The report that did not surprise anyone was the New Home Sales for November. Sales fell to 647,000 annualized units falling -9% from October and -34% from the prior November. This was the steepest year-over-year decline so far in this cycle. The biggest decline came from the Midwest with a month-to-month drop of 27.6%. Months of supply on the market increased to 9.3 months. Surprisingly the median price of a home sold rose +7.3% due mostly to a firming of sales on the west coast. The NAHB Housing Market Index is still holding at its record low of 19 where it has been for the last 3-months. The high for the year was 39 back in February. You could say two months without a decline in the index may be positive since we are only 3-months away from the start of the spring sales season. Builders may start showing signs of hope once the holiday doldrums have passed. December is the worst month for home sales because potential consumers have their attentions focused elsewhere.
New Home Sales Chart
Next week's economic calendar has some important events. The calendar will start out grim with the existing home sales on Monday and they should also show a sharp decline. The ISM Index for December will follow on Wednesday and analysts are not expecting any major change. However with the unexpected jump in the PMI (Purchasing Manager Index) we could see a positive surprise in the ISM. Also on Wednesday the FOMC minutes for the Dec-11th meeting will be released and we will get to see what the Fed was thinking when they cut rates by a quarter point. Future rate cut hopes for the Jan-29th meeting will ride on these FOMC minutes, the ISM and on Friday's employment report.

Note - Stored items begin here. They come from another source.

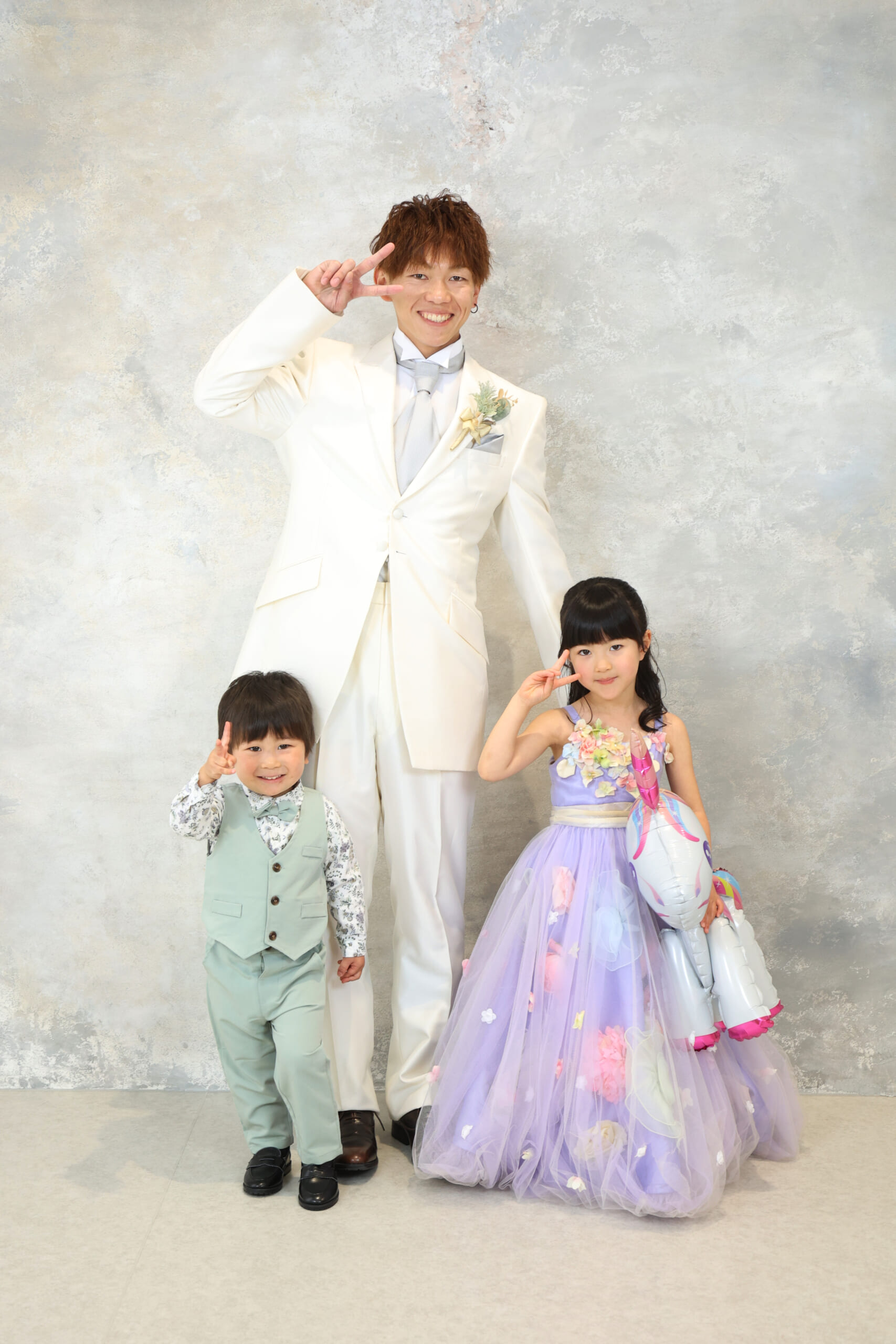 - ご新婦様のお仕度を待つ間。支度が完了したご新郎様とお子様お二人の撮影からスタートしました。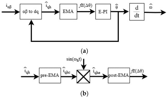 Since the rotor position error contains both AC and DC components resulting from the synchronous demodulation process, the second-stage EMA, referred to as the post-EMA, is applied to suppress the AC component as a replacement for the conventional LPF. Accordingly, the rotor position estimation error can be expressed by rewriting Equation (13) as follows:
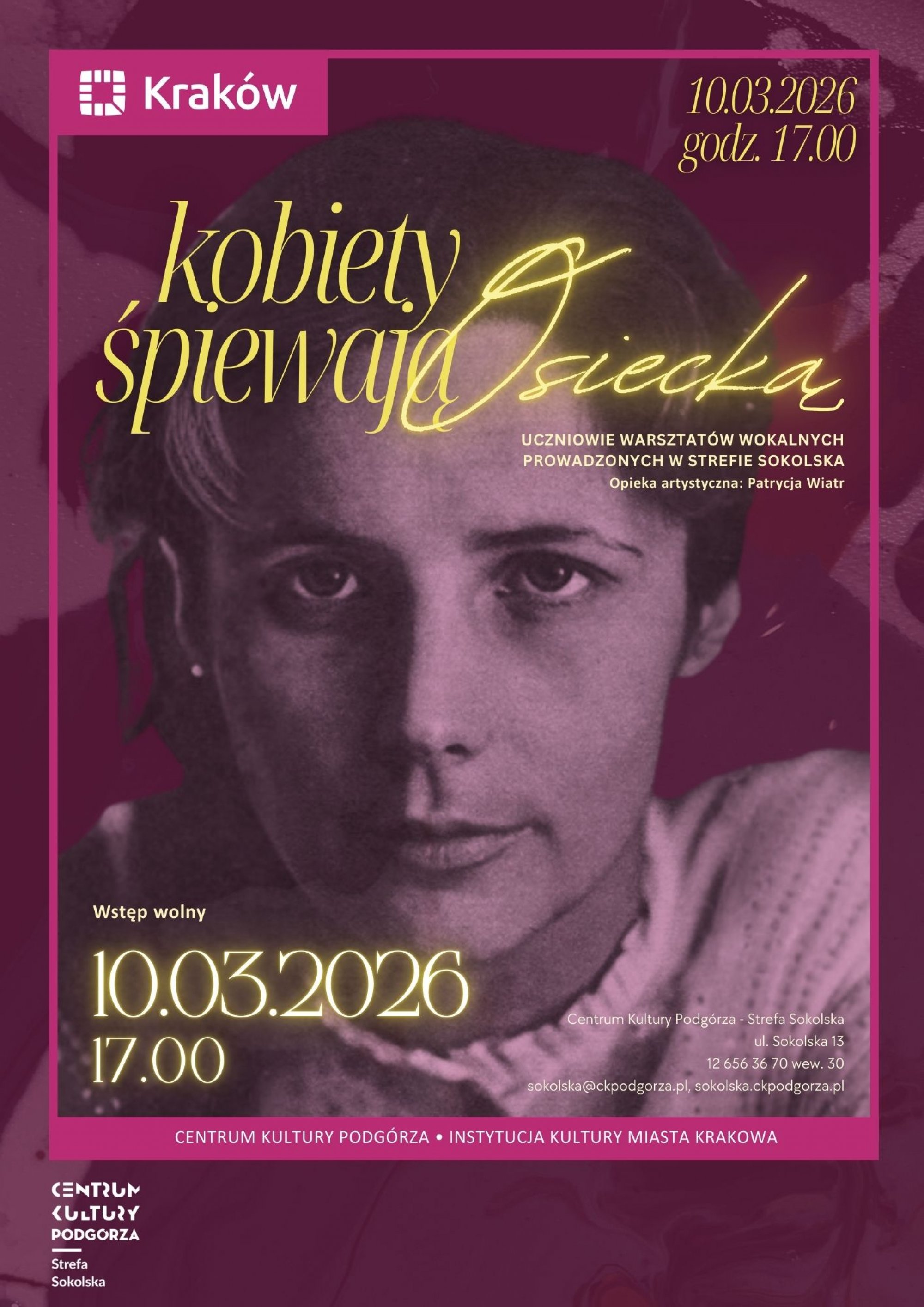 Koncert przygotowany i wykonany przez uczestników warsztatów wokalnych. Wydarzenie w ramach V edycji Miesiąca Krakowianek.

The Nonfarm Payroll report on Friday is officially expected to show a gain of 70,000 jobs but the unofficial whisper numbers are dropping fast. Most are in the 50K range but some are nearing zero. Unexpected strength here would turn the Fed off completely but unexpected weakness could pull the Fed back into the picture. It should be an interesting economic week.
It has been an interesting year in the markets. The Dow is on track to post a +7% gain, S&P +4% and Nasdaq +11%. The Russell is on track to lose 2% for the full year and that is significantly better than the -7% drop we were seeing back on Dec 18th. The Santa bounce tacked +65 points on the Russell before the assassination killed interest in small caps. The biggest Dow gainer was Honeywell (HON) at +35% and the biggest loser was Citigroup (C) at -48%. The leading sector was energy at +33% and financials at -21% were the losers.
We are only a week away from the start of the earnings season and surprisingly the number of warnings has been minimal once the initial flurry passed. Next week will be the last chance many will have to confess before the actual earnings cycle begins with the first Dow component, Alcoa (AA), reporting on Jan-8th.
This was a window dressing week and it was progressing pretty well until the assassination spoiled the party. Monday is going to be a full trading day but not likely a day full of trading. The real trading will begin on Wednesday and the start of tax selling. Anyone holding their gains to avoid taxes in 2007 will be free to dump away on Wednesday. This should be a short 2-3 day event and can be offset by the end of year retirement contributions hitting the market. Mutual funds who dressed up their portfolios heading into year-end will also be free to shuffle the books heading into a new trading year. Since funds wanting to buy had no reason to wait the bias could be to the downside for the first couple days of 2008. Expect those stocks with the biggest 2007 gains to see the sharpest selling.
The dog shoppers will be active and you can expect a temporary bounce in those stocks most out of favor in 2007. There is a long track record of winning trades from buying the dogs of the Dow early in the year. Historically the average gains on the dogs of the Dow are around 14% for the year. The Dow dogs analysts are pointing to this year are GM, PFE, DD, C and CAT. Conversely the Dow stocks going into January with the best ratings typically return the least for the full year. The stocks analysts following this strategy suggest avoiding are HPQ, T, MO, WMT and AIG.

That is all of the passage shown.